Speed-wise with the default setting (50 iterations of the multigrid algorithm, 20 pre-smoothing operations, 60 post-smoothing) it takes over 50 seconds to reintegrate the laplacian of the squirrel image (1920x1080).
Sensible results can be obtained even faster: with just 2 multigrid, 2 pre-smoothing and 4 post-smoothing operations a low quality approximation of the final image can be obtained under a second.
Thanks to iterative nature of Jacobi/multigrid method implementing this would be good enough for real time applications if the updates were propagated often enough. This could be further supplemented by a proper multithreading implementation of the multigrid algorithm.
I also really want to try my hand in implementing an alternative algorithm which claims even faster speeds but I stumbled upon it relatively late when writing this article.
Due to sensitivity to initial conditions, operations on the poisson domain aren’t overly intuitive but even observing failure cases makes me want to try out implementing more complicated filters a la Gradientshop.
Another thing I really wanted to try is generating images from samples like in Scene Completion Using Millions of Photographs by Hays and Efros albeit with a simpler models e.g. Markov chains.
an important point since the laplacian of an image isn’t guaranteed to lie between [0, 1] for each channel. ↩
via a relaxation method. ↩
the previously-linked paper Real-Time Gradient-Domain Painting was a unfortunately a red herring.
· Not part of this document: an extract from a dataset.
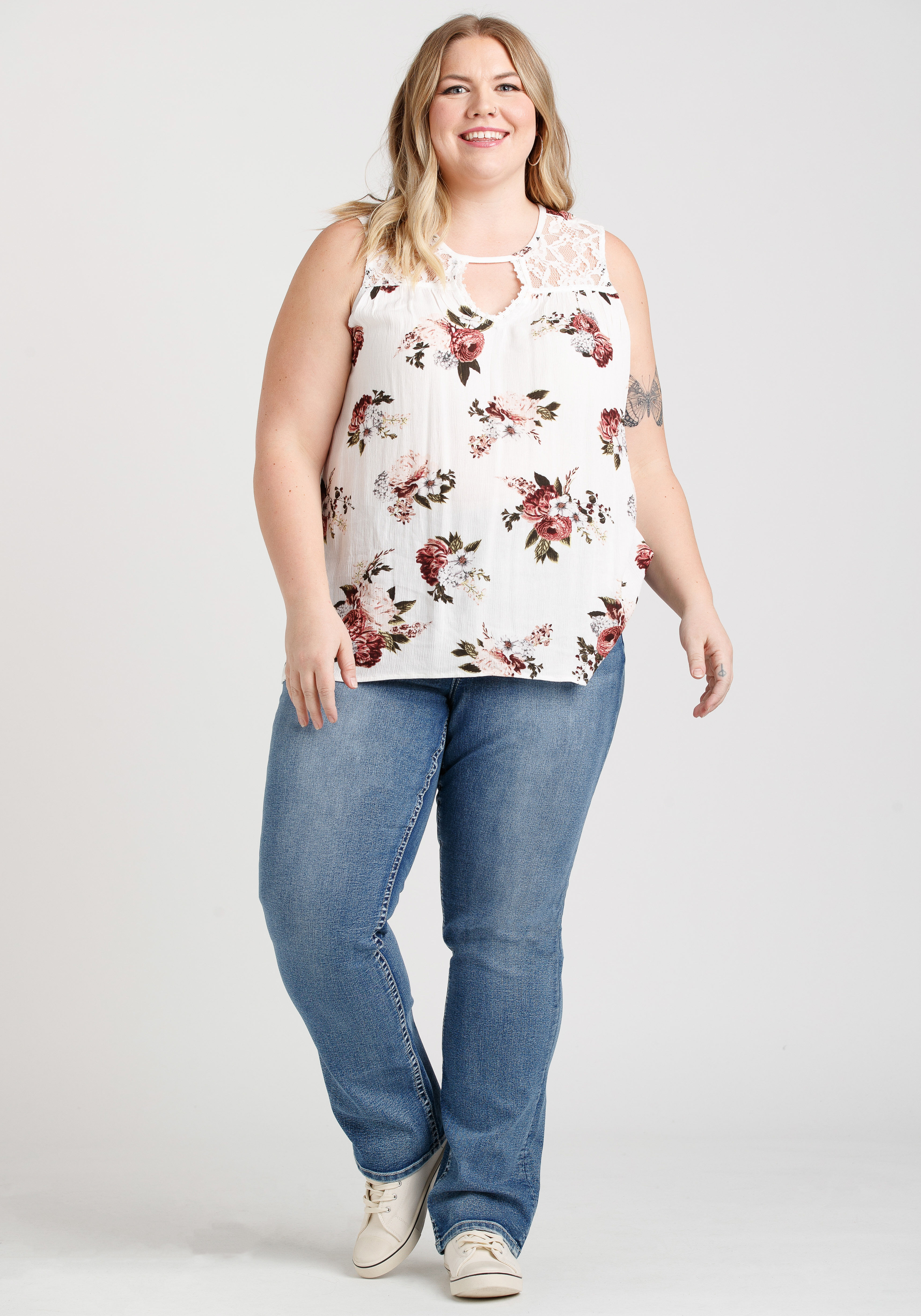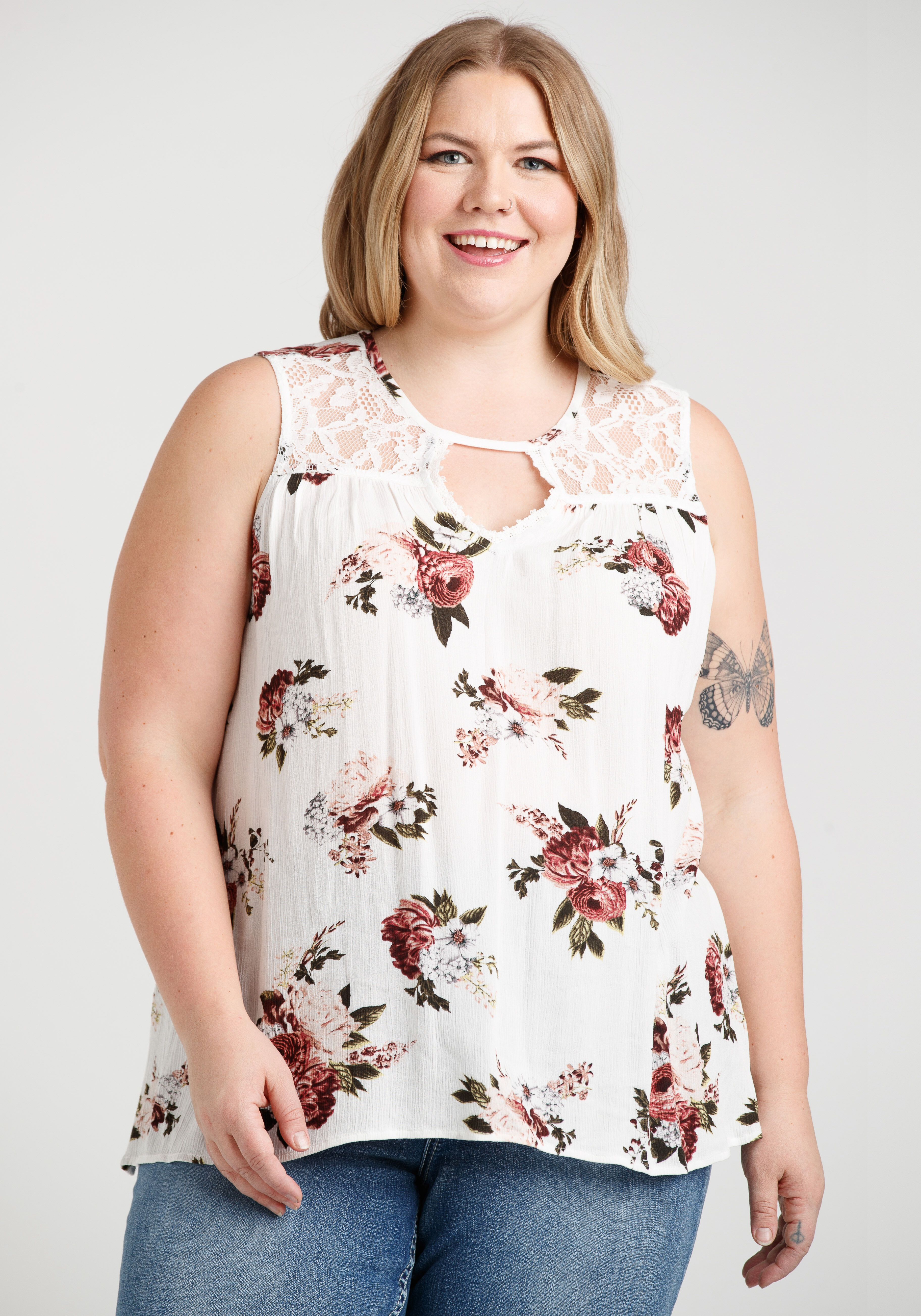 Women's Floral Keyhole Tank Image 1

While it presents nice, motivating examples I didn’t manage to reproduce the exact algorithm from the paper nor did any of their assumptions work for me (i.e. not having a pre smoothing step made the convergence much slower, multiplying the laplacian between levels made the error blow up etc) ↩
so called Dirichlet boundary conditions ↩
although this technically distorts the relative importance of the boundary to the image ↩
because reintegrating the image difference is sensitive to initial conditions. ↩
speaking in the normative sense: it should be obvious but performing my first experiments in image blending I initially didn’t connect the dots and was, again, surprised by the non-result. ↩